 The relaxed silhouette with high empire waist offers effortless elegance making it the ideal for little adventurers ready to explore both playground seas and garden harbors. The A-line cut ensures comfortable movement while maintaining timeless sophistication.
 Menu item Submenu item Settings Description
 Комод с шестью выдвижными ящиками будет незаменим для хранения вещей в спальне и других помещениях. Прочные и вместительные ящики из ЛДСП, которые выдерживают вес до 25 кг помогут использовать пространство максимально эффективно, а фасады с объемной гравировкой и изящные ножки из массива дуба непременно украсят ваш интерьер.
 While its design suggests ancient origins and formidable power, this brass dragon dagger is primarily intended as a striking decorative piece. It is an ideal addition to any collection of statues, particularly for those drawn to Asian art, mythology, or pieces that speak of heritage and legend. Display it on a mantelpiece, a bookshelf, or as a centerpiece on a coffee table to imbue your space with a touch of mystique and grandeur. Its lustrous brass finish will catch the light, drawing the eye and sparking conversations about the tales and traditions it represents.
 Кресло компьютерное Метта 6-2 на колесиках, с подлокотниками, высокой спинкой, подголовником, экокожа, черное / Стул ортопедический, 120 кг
● ● ●
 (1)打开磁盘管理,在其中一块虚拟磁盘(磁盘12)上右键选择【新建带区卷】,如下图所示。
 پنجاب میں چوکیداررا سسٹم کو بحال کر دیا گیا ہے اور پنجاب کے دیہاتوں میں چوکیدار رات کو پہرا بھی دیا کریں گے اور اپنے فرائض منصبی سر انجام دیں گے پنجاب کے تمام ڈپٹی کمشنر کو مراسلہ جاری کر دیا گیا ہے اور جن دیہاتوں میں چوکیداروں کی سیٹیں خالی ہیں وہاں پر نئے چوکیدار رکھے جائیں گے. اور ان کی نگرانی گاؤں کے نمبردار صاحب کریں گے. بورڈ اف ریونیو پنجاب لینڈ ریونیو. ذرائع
● ● ●
◆ Brief:
Within the material above, copy exactly the lines from the line that holds "The relaxed silhouette" up to and including the line that holds "While its design".

◆ Answer for this exercise:
 The relaxed silhouette with high empire waist offers effortless elegance making it the ideal for little adventurers ready to explore both playground seas and garden harbors. The A-line cut ensures comfortable movement while maintaining timeless sophistication.
 Menu item Submenu item Settings Description
 Комод с шестью выдвижными ящиками будет незаменим для хранения вещей в спальне и других помещениях. Прочные и вместительные ящики из ЛДСП, которые выдерживают вес до 25 кг помогут использовать пространство максимально эффективно, а фасады с объемной гравировкой и изящные ножки из массива дуба непременно украсят ваш интерьер.
 While its design suggests ancient origins and formidable power, this brass dragon dagger is primarily intended as a striking decorative piece. It is an ideal addition to any collection of statues, particularly for those drawn to Asian art, mythology, or pieces that speak of heritage and legend. Display it on a mantelpiece, a bookshelf, or as a centerpiece on a coffee table to imbue your space with a touch of mystique and grandeur. Its lustrous brass finish will catch the light, drawing the eye and sparking conversations about the tales and traditions it represents.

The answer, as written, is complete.